In the late 12th century the manor was held under the Lovels of Castle Cary by William de Clevedon who gave the church to Bruton Abbey who held it until the dissolution of the monasteries.

The Mendip Hospital, built in 1845–47, is not near Milton Clevedon, it is located in St Cuthbert Out, near Wells.

==Governance==

The parish council has responsibility for local issues, including setting an annual precept (local rate) to cover the council's operating costs and producing annual accounts for public scrutiny. The parish council evaluates local planning applications and works with the local police, district council officers, and neighbourhood watch groups on matters of crime, security, and traffic. The parish council's role also includes initiating projects for the maintenance and repair of parish facilities, as well as consulting with the district council on the maintenance, repair, and improvement of highways, drainage, footpaths, public transport, and street cleaning. Conservation matters (including trees and listed buildings) and environmental issues are also the responsibility of the council.
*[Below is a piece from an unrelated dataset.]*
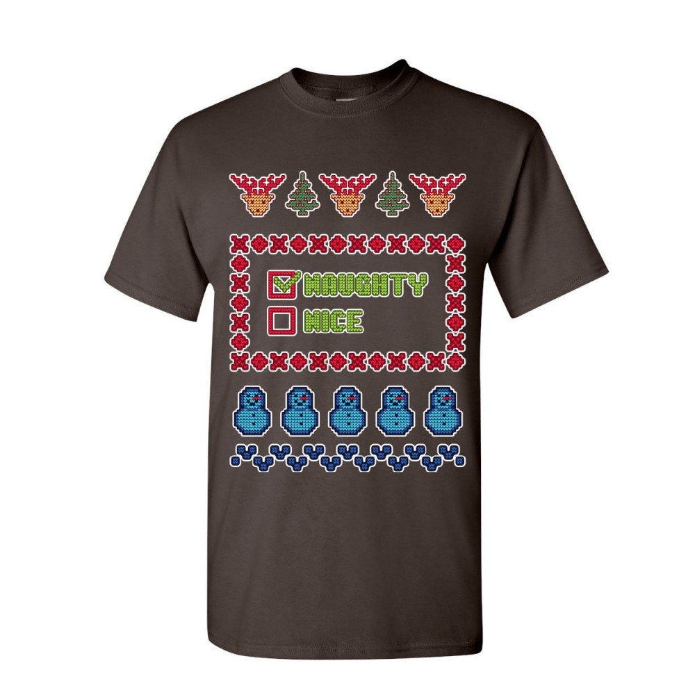 NAUGHTY OR NICE ugly sweater t-shirt christmas xmas holiday list mens tee shirt brown

For local government purposes, since 1 April 2023, the parish comes under the unitary authority of Somerset Council. Prior to this, it was part of the non-metropolitan district of Mendip (established under the Local Government Act 1972). It was part of Shepton Mallet Rural District before 1974.

It is also part of the Frome and East Somerset county constituency represented in the House of Commons of the Parliament of the United Kingdom. It elects one Member of Parliament (MP) by the first past the post system of election.

==Religious sites==

The Church of St James was rebuilt in 1790 and is a Grade II* listed building.